Sunday, August 20, 2006

Personal Leveraging Engine

Read an interesting article by Nancy Fox, author of the Sixty-Second coach. She writes how most of us under-leverage our resources and contacts to help us with our business opportunities. I think that the key is to do personal due diligience. We do our due diligence whenever we do a deal, and sometimes we close the deal and sometimes we walk away. Why don't we do this for our most crucial and critical personal opportunities?

Here are Nancy Fox's five top tips for revving up your personal Leveraging Engine:

-Shift your thinking.

Your results are not going to improve dramatically with only better time management, working more hours, or longer to-do lists. Once you embrace the perspective that all around you are resources to be leveraged, what blind spots are uncovered? What processes can you simplify or even eliminate? What relationships are waiting to be tapped to assist you in producing the results you desire?

-Make a list of your resources and review them once each month.

Spend at least one hour each month reviewing your resources. Brainstorm with other colleagues on this topic so that you speed up uncovering the blind spots.

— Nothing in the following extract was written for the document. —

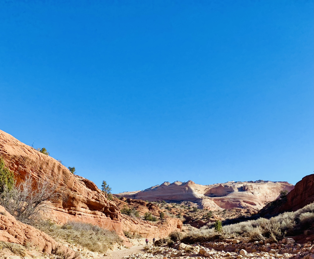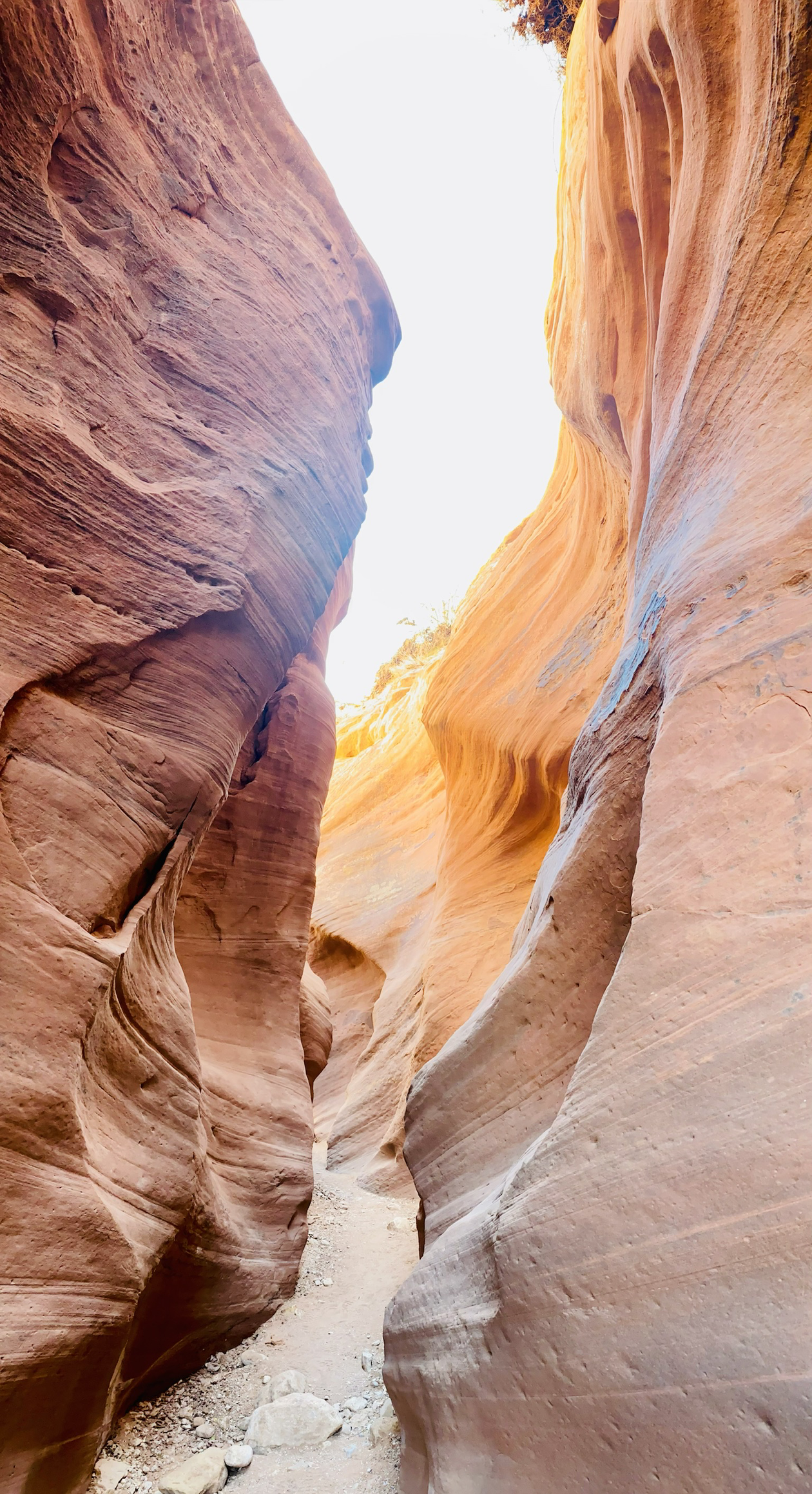 비가 올 땐 여길 들어올 수가 없다. 우리가 걷는 트레일이 물길이 되고 강이 되기 때문에. 특히 좁은 캐년 안에는 아주 적은 양의 빗물로도 위험하다고 한다. 물이 없는 강바닥을 걷는다는 게 신기했다. 살면서 보아왔던 강이라는 곳은 항상 물이 차 있었으니. 비가 오는 날과 오지 않는 날에 따라 강으로 변신했다가 다시 흙길이 되는 이곳이 신비롭게 느껴졌다. 그 오묘함으로, 걸을 때 일어나는 흙먼지도 참을 수 있게 되었다. 쉬엄쉬엄 걷다 보니 우리가 기대했던 캐년이 나타났다.

Here are some examples of commonly under-leveraged resources:

Your computer (go beyond how you are currently leveraging your computer)
Your hobbies
Your special interests
Your unique areas of knowledge
Your talents (you have more than you acknowledge)
Your service providers, vendors, etc.
Your local college
A current project
Your colleagues
The person to whom you report
The people that report to you
Your entire contact base
Their contact bases
Your brand
Your coach

Keep adding to this list.

-Make one unreasonable request each week.

Very often, we don’t leverage others’ desire to be of assistance. We often give ourselves reasons why we can’t ask for something. However, most people do want to be of service. When you leverage this opportunity, you give the other person a chance to make a difference and be generous. You gain the experience of being powerful and not being stopped by “reasons.”

-Interview people whom you admire and who have accomplished the kind of results you would like to.

Leverage the knowledge and experience of others who have attained what you would like to accomplish. How have they done it? What mistakes did they make? What worked well? Often, people enjoy sharing their history and their path to success, as well as the pitfalls they wished they had avoided.

-Put an implementation program in place regularly.

Good ideas are a dime a dozen. Without implementation, most good ideas evaporate into thin air. Put a regular process in place weekly where you ask yourself:

What are the biggest challenges I am facing right now?
What am I not leveraging now that I could be leveraging? (What are my blind spots around this?)
What new results would that produce?
Write down your answers. (Writing them down gives them a concrete reality in your brain.)